By experience, coders not understanding what they are doing often gives bad names, often one or two letters. This is common in POC, giving the right name involve to understand what you are doing.
Few exceptions exists like the loop where for instance it is common to use « i » instead or « index »
My feeling is that this comes from a place of paucity, and the ethos that goes with it. A lot of the C code that you see floating around is tied to hardware, and in a world where every byte counts, you end up being parsimonious when it comes to writing code and naming things. For example, there’s a method called atoi in the C standard library. Whoever wrote it could have called it stringToInteger. It would have been more descriptive, but they didn’t. And once you see that kind of parsimony in action, you begin to adopt a similar approach in your own programming style, with the result being what we have today.
Multiple reasons, but they start with the fact that naming variables is hard. It seems easy—just type whatever you want—but you want something that has several desirable characteristics:
As you have no doubt noticed, these characteristics are often at odds with each other. That’s why coming up with variable names is so hard.
So, sz is pretty short. It’s also somewhat of a cultural convention, at least in some communities. But it could mean something else, so it’s got drawbacks. You could use size, sz1, Size, size_of_buffer, or any number of other names for the same thing.

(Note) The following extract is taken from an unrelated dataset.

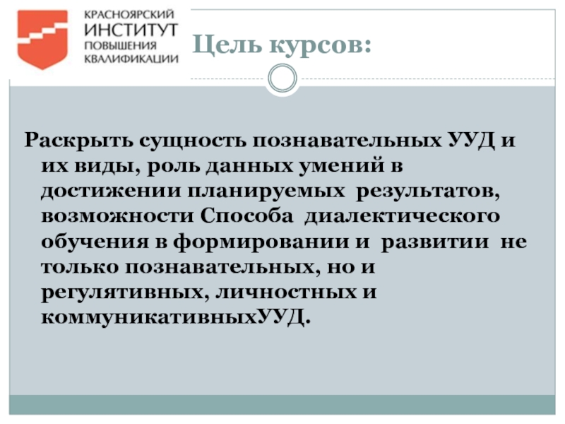 Цель курсов:Раскрыть сущность познавательных УУД и их виды, роль данных умений в достижении планируемых результатов, возможности Способа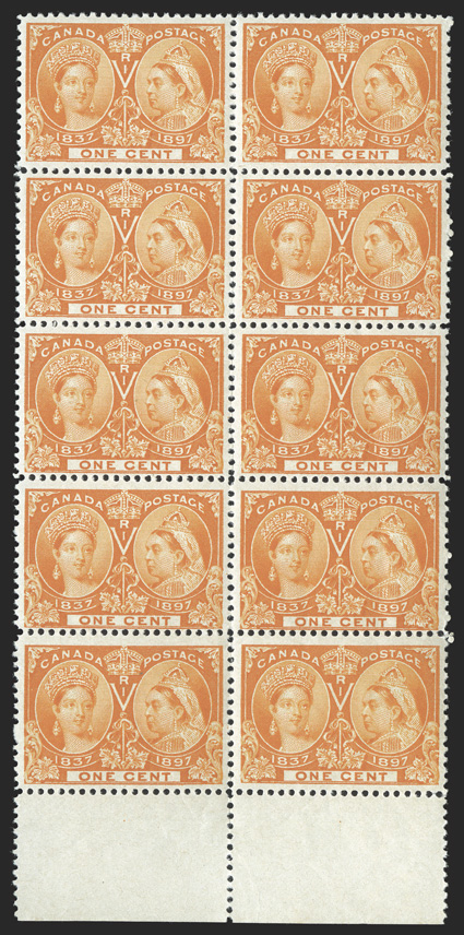 fine (Unitrade C$620.00).#51, 1897 1c Jubilee, bottom margin block of ten, bright color, the top block of four is especially well centered and margined, o.g., n.h., four stamps are fine, six are very fine (Unitrade C$620.00). (Image) $575.00

It takes experience to come up with good names and, because of the conflicting desirable characteristics, there is no “right” answer. At the end of the day, however, your code has to be easy for the next person to understand, even when that person is you.
There are two complementary points that needs to be considered, one is that software development was beginnig, it was in its early days and much of our knowledge was being forged by trial and error.
Another point that on its working on a tty (ie. ASR-33) or punching cards are not so "user friendly" as using a modern editor with contextual auto complete and all other niceties we have today, so being concise would make you more productive.
Using small name for variables is more a tradition than a directive.